The Cubana Chronicles: Tuesday, February 21, 2012

June 6, 2012

 Art, Energy and Loans.

Loving Common right now, who knew I was missing out so much? But all in its time. I listened to Common’s song “Assatta” and felt so fortunate and inspired seeing as she lives here. I need to figure out how to meet her, I’d love love love to. How does one prepare to meet someone like that? I don’t want anything from her, just want to make a connection and meet with her, get to know her, etc. if I could. What a dream would that be!

Lots of thoughts today, learning about Cuban art really energizes me. This is a Developing country ya’ll. Plain and Simple. There are lots of relics from the past, lots of history that brings all sorts of luggage with it, but it’s a developing country. And to see what they’ve been able to accomplish is really quite…amazing. I mean, REALLY. First off, everyone MUST watch Cuba: Un Odyssey Africaine by Jihan el-Tahiri about Cuba’s involvement in liberation wars in Africa. Not just Angola (though that is unbelievable considering that ended at the time when Cuba was in the special period, going through their toughest and one of the most traumatizing periods ever in their history). At the end of the documentary it shows the Cuban service-people returning from Africa and they said, “The only thing we wanted to leave Africa with were the remains of our fallen comrades. Not the oil or resources that everyone else took. We’re not colonizers.” Amazing. They needed that oil and shit. BADLY. They didn’t take it. And none of us know about Cuba in Africa. Most Cubans don’t even know about Cuba in Africa (not the full extent at least.) Unbelievable.

Anyway, as I listen to all this information about Cuba’s art history, going to the museums, the opera, the ballet, Afro-Cuban dance etc. I think about how lacking we are in Africa regarding knowledge of our own art history. We have tourist art, we study cubism and surrealism in Europe, etc. but we don’t study our own art. There isn’t a study of that. We don’t study or have access to information about the art, what the conditions were and what the artists were saying at the time. The CONTEXT of the art. We NEED that. We NEED art to understand ourselves. That’s a human need. Not a fancy thing for rich people to do, its for all of us. People were dialoging in this art, they were exchanging ideologies, heavy shit too. There are too few of us and we’re not supported by our own. That needs to change. That NEEDS to change. I’m on it.

Helmo spoke about the effects that the economy of slavery has had on Cuban culture and paradigm, and I thought, that’s true of the entire Western region, America specifically.
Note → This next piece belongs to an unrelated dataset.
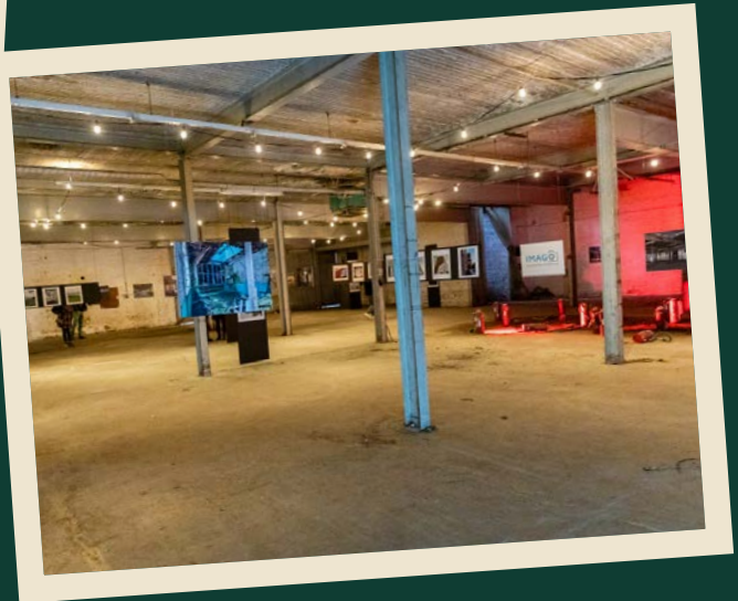
02 / 04 / 2022 Tasifest

There’s a minority of people who constantly point this out, but the fact that there is no acknowledgement given to the enormous impact that the ECONOMY of slavery has had on the world is a MAJOR omission because it shapes everything about EVERYTHING in Western culture. The paradigm of colonialism, of domination, of being [R]ight, and of being White. How can that NOT affect the very blood in your veins? It’s the way the entire occidental region has been socialized for centuries. The riches, wealth, prosperity, wellbeing and what is considered NORM (in any situation) is all shaped by this fact. That the Western world was – and still is – built by the blood, sweat, tears and sex of Black, African people. What kind of world would we live in if more people understood and acknowledged that? All people, not just Western people. If there were a clear acknowledgment and understanding of whose energy we live off of, where the power is coming from here.

I grew up in a system where my parents and grandparents had their land and livelihood hijacked and then sold back to them in European currency. The only way to attain European currency to buy back what was already yours was to work for a European King or Queen. In order to work for the King or Queen, you had to have his/her education from his/her missionary schools. In order to go to his/her missionary schools you had to take his/her religion and study the information that s/he recommended that had no reflection to YOU….you were completely written out of the history altogether, and your history, culture and religion was made subversive and dangerous. And then the best students were made rulers of the land that you bought back from the land-grabbers with their loan, which we will all be paying back for the next century at least, forever held ransom. Hm.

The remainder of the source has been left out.